More high school students than ever before are passing the MCAS exams required to graduate, even before they reach senior year, the state Department of Education announced yesterday.
About 90 percent of students in the Class of 2006 have passed the English and math tests of the Massachusetts Comprehensive Assessment System after three tries. Their passing rate outpaces each senior class since 2003, when passing the MCAS exam became a requirement to earn a high school diploma. By contrast, 81 percent of seniors in the class of 2003 had passed the tests before their senior year began.
State education officials said they are pleased with the results, attributing them to high schools that have redesigned their daily lessons to match state academic standards in English and math. But others say that the statistics are not as rosy as they appear because they do not account for students who have dropped out.
Principals and administrators chalked up the results to extra tutoring, lessons that match the way questions are asked on the MCAS test, and more writing.
''We've all gotten better at what's expected," said Principal Charles Skidmore of Arlington High School, where 93 percent of incoming 12th-graders passed. ''I don't think there's any sleight of hand. I really do think people settled down and said we need to teach real literacy and numeracy skills."
Skidmore said they have to do test preparation, such as reviewing the types of questions asked.
In Boston, 74 percent of incoming high school seniors have passed the MCAS, compared with 72 percent of rising seniors a year ago and 68 percent two years ago. Some of the progress stems from test preparation, but not all, said Chris Coxon, deputy superintendent of teaching and learning.
''Teachers overall have become a lot smarter about their instruction," Coxon said. Teachers are ''really digging beyond the first level of questions of just facts, and getting at kids' thinking."
Students must score at least 220 on a scale of 200 to 280 points to pass. They take the MCAS test once as 10th-graders and can take it over again until they pass.

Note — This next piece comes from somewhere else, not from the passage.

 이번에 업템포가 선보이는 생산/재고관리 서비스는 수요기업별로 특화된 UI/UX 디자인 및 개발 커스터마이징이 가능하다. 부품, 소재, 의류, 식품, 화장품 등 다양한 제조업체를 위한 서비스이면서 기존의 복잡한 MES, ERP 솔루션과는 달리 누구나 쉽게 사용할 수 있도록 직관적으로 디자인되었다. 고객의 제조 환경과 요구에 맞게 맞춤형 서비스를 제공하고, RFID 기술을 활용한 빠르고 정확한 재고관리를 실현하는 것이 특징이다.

They also must meet their high school's course requirements to earn a diploma.
''I am very pleased with the number of students we have meeting the MCAS standard, but we need to recognize that this standard is minimal," Education Commissioner David P. Driscoll said in a statement.
A Globe analysis last month found that 37 percent of incoming college students had to take a remedial course in the state's public colleges last year, even though they had passed the MCAS test.

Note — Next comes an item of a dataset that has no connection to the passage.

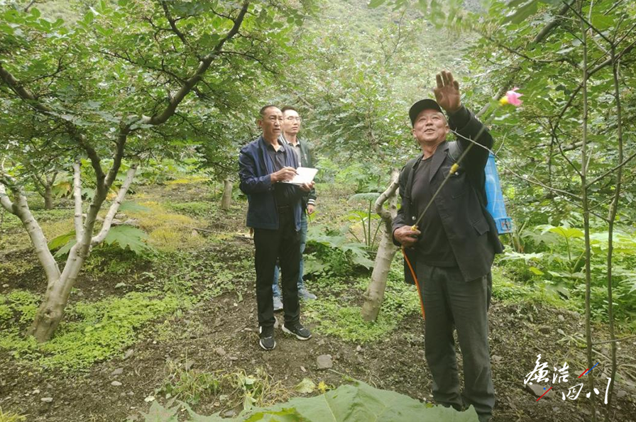 松潘县纪检监察干部在农业园区了解花椒产业发展情况。(刘继琴 摄)

Yesterday's report showed that some students are making more headway than others in clearing the MCAS hurdle, regarded as one of the country's toughest graduation exit exams. About 94 percent of white 12th-graders and 91 percent of Asian 12th-graders passed MCAS. But about 75 percent of black 12th-graders and 71 percent of Hispanic 12th-graders passed.

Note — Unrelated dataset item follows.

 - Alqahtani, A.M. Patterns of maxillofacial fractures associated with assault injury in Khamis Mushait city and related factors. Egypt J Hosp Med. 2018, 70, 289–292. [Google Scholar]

The figures clash with estimates of the number of Massachusetts students who actually leave with a high school diploma. The Department of Education's own projections show that just 75 percent of ninth-graders typically graduate with a diploma four years later. And the Urban Institute, a nonprofit research organization in Washington, D.C., pegs Massachusetts' graduation rate at 71 percent.
Yesterday, the state reported that 61,564 out of 65,165 students, about 94 percent, in the senior class of 2005 passed the test. But far more students, 69,981, sat down to take the test two years earlier; judged against that larger number, the pass rate would dip to 88 percent.
Lisa Guisbond of the National Center for Fair and Open Testing, a Cambridge group opposed to the MCAS exam, said the passing rates are inflated because the state uses 12th grade instead of the larger 10th-grade enrollments to calculate who passed.
''The public's not getting accountability if we get this dishonest information," said Guisbond, an analyst at FairTest. ''They're pretending that gaps are closing because of their policies, and they're reporting it based on ignoring the existence of all these kids. That's really wrong."
Enrollment typically falls between 10th and 12th grade because students drop out, move, or transfer to private schools.
Driscoll was traveling out of state and could not be reached for an interview. In the past, he has said that it is unfair to assume that the students who have left the class would have failed the MCAS and thus lowered the pass rate.